Why $\sin(n\pi) = 0$ and $\cos(n\pi)=(-1)^n$?

I am working out a Fourier Series problem and I saw that the suggested solution used
$\sin(n\pi) = 0$ and $\cos(n\pi)=(-1)^n$ to simply the expressions while finding the Fourier Coefficients $a_0$, $a_n$, $b_n$.

I am aware that the $\sin(x)$ has a period of $2\pi$. So I am thinking that every half of period, the graph of $\sin(x)$ has to cut through the $x$ axis thus giving us the value $0$. Am I right to think that way or is there some more important reason for that?

Also, how do they come up with $\cos(n\pi) = (-1)^n$?

Solution 1:

Recall that Euler's formula is $e^{ix}=\cos x+i\sin x$. When $x=\pi$, we have $e^{i\pi}=\cos\pi+i\sin\pi=-1\implies e^{i\pi}+1=0$.

From $e^{i\pi}+1=0\implies e^{i\pi}=-1\implies (e^{i\pi})^n=(-1)^n$. From $e^{ix}=\cos x+i\sin x$, when $x=n\pi$, $e^{in\pi}=\cos {n\pi}+i\sin {n\pi}=(-1)^n$.

This implies that $\cos {n\pi}=(-1)^n$ and $\sin {n\pi}=0$, for all $n\in \mathbb Z$.

Solution 2:

As you can see from the plot you included $\sin(n\pi) = 0$ for any integer $n$.

Also, $\cos(0) = 1$, $\cos(\pi) = -1$, $\cos(2\pi) = 1$, etc. So $\cos(n\pi) = 1$ for $n$ even and $\cos(n\pi) = -1$ for $n$ odd, which is also true for $(-1)^n$.

Solution 3:

For the sine case:

$n = \cdots -1, 0, 1, 2, 3, \cdots$

Gives us

$\cdots \sin(-\pi), \sin(0), \sin(\pi), \sin(2\pi), \sin(3\pi),\cdots$ Which is exactly where the sine function has its roots, so it is always equal to $0$.

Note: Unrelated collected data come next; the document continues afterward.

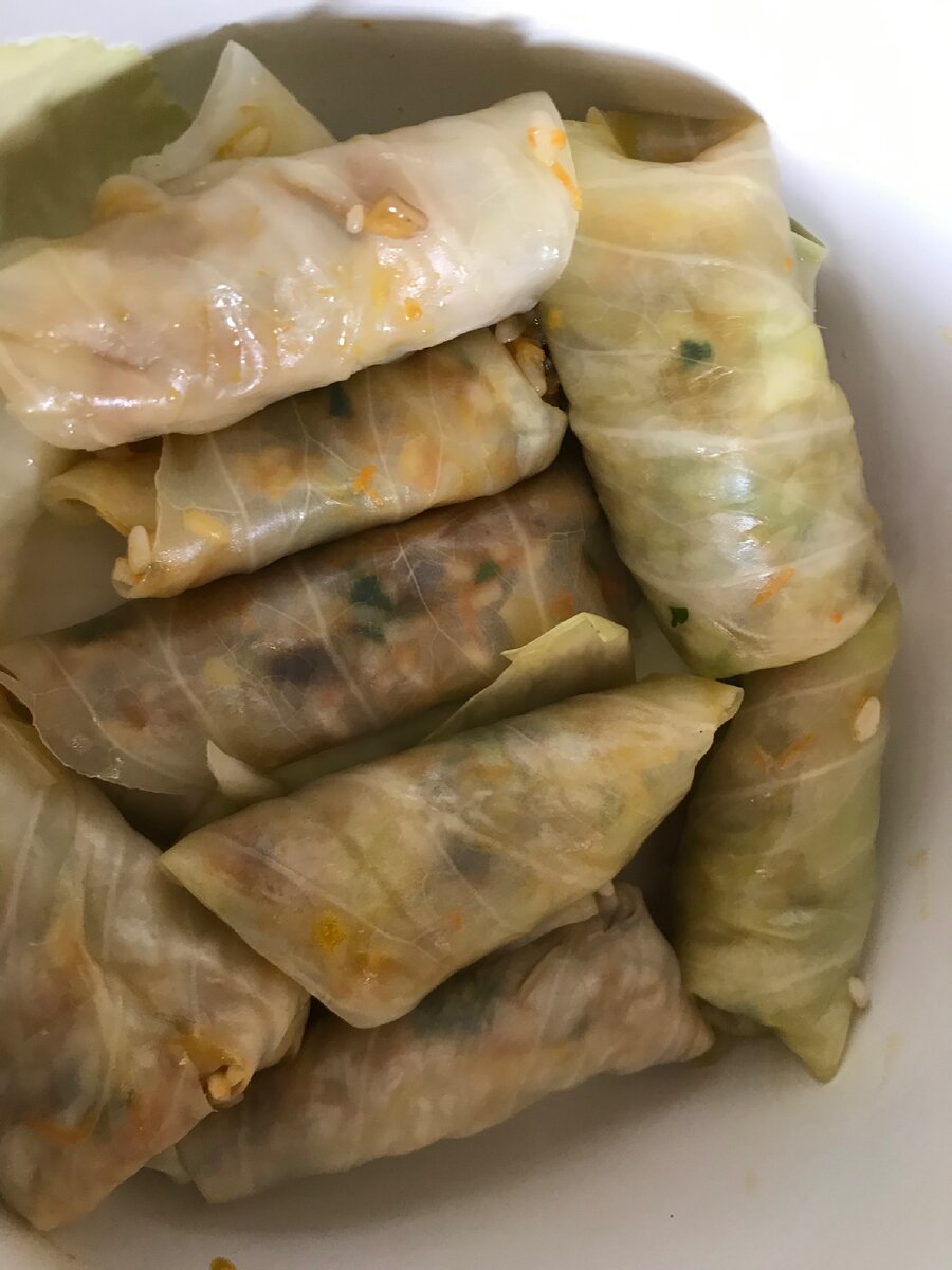 Хочу поделится рецептом замечательных Голубцев без мяса! Для них нам понадобится: 1. Бурый рис 2. Грибы шампиньоны 3. Лук 4. Морковка 5. Капуста белокочанная 6. Томатная паста 7. Соль, перец Для начала ставит отваривать рис до полу готовности. Пока рис варится, пасируем морковь с луком, режем грибы и тоже поджариваем, после того как рис на половину сварился смешиваем его с грибами, луком и морковью. Капусту разбираем на листья, ставим кастрюлю с водой, пусть закипит. Каждый листочек надо поочерёдно окунуть в кипяток и холодную воду, чтобы листки стали мягкие и из них можно было сворачивать голубцы. Когда наши листочки готовы, кладём в них нашу начинку и сворачиваем, плотно укладываем в казан или кастрюлю с толстым дном. Разбавляем тама в воде и заливаем наши голубцы, варить до полной готовности риса. Приятного аппетита!!!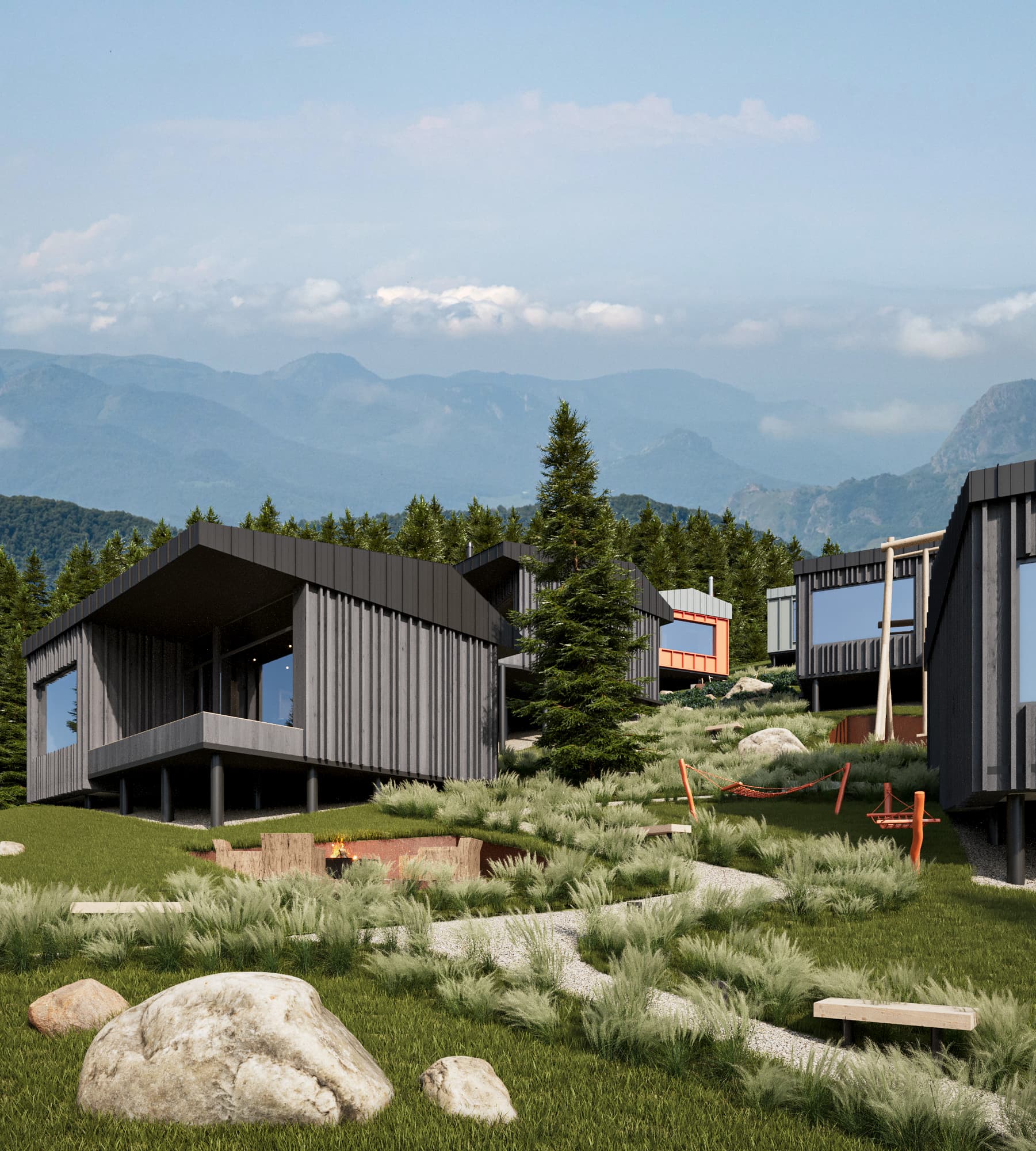 «Ми не хочемо, щоб наш проєкт був типовою готельною зоною. Наша мета — створити екопростір, де люди можуть повністю відчути природу Карпат, насолоджуватися тишею та спокоєм. Тому ми обрали локацію поруч з Буковелем, але в тихому місці, далеко від шуму та натовпів», — додає Ігор Шиба.
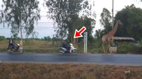 เผยสาเหตุที่ทำให้คนขับรถมอเตอร์ไซค์ชนยีราฟกลางถนน
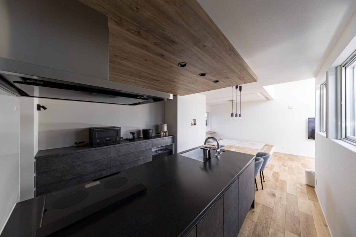 家族の笑顔が広がる、開放的なL字の司令塔 キッチンからはダイニングや畳コーナーまで視線が通り、どこにいても家族の気配を感じられます。 東側の連窓から外の移ろいを感じつつ、パントリーへのスムーズな動線で家事効率も高めました。

For the cosine case, use the identity $\cos(x) = \cos(x + 2\pi) $ (period of the cosine function is $2\pi$) and plug $\cos(0)$ and $\cos(\pi)$ to verify this.

Solution 4:

The picture burned into my visual cortex is the unit circle, not the graphs of sine and cosine:

This together with $2\pi$-periodicity (which is geometrically obvious) immediately gives $$ \sin(n\pi) = 0,\quad \cos(n\pi) = (-1)^{n} $$ for all integers $n$.